* WHAT THE TASK ASKS
Would you print the lines below exactly, beginning at the line that has "A patinated bronze" and stopping after the line that has "Servis hattında bulunan"? Only those lines, and no pictures.

* EXERCISE DATA
::::

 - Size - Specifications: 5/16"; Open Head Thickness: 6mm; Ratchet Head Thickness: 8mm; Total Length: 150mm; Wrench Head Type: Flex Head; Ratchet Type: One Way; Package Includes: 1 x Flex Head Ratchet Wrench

::::

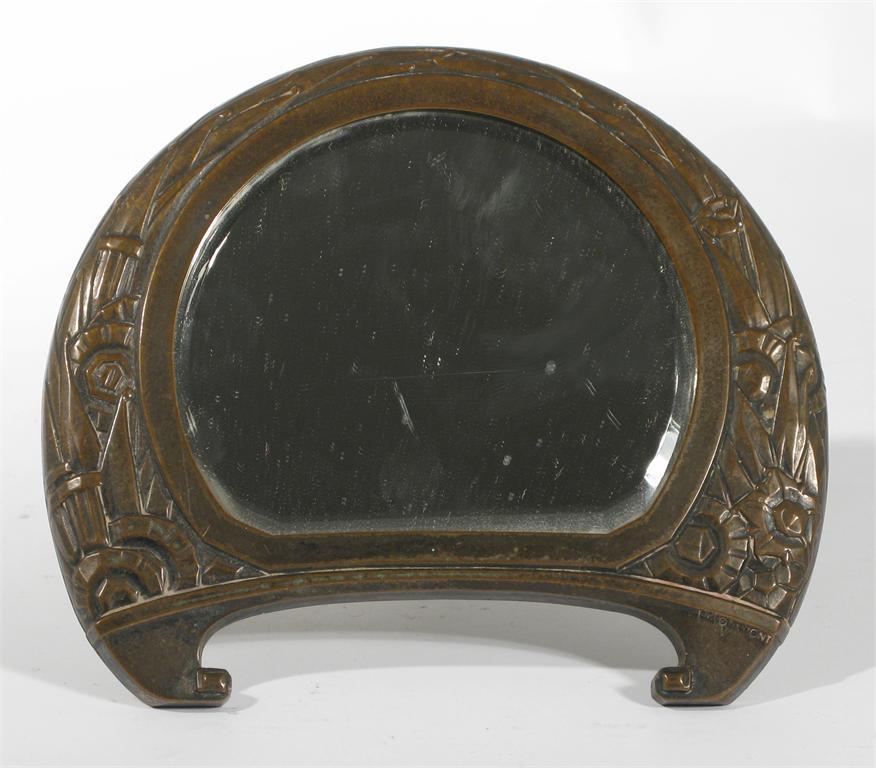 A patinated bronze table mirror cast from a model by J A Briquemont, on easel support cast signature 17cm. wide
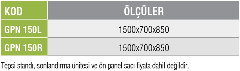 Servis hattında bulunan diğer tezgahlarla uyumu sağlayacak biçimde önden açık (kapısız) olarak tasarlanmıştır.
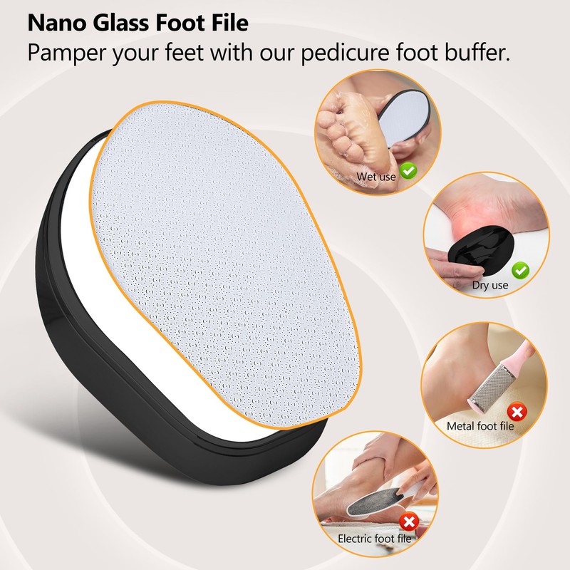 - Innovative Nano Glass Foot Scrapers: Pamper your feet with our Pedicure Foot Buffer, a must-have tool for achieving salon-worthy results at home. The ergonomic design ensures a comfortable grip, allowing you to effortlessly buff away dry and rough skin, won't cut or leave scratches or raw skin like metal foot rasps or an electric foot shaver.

::::

* RESULT OF THIS TASK
 A patinated bronze table mirror cast from a model by J A Briquemont, on easel support cast signature 17cm. wide
 Servis hattında bulunan diğer tezgahlarla uyumu sağlayacak biçimde önden açık (kapısız) olarak tasarlanmıştır.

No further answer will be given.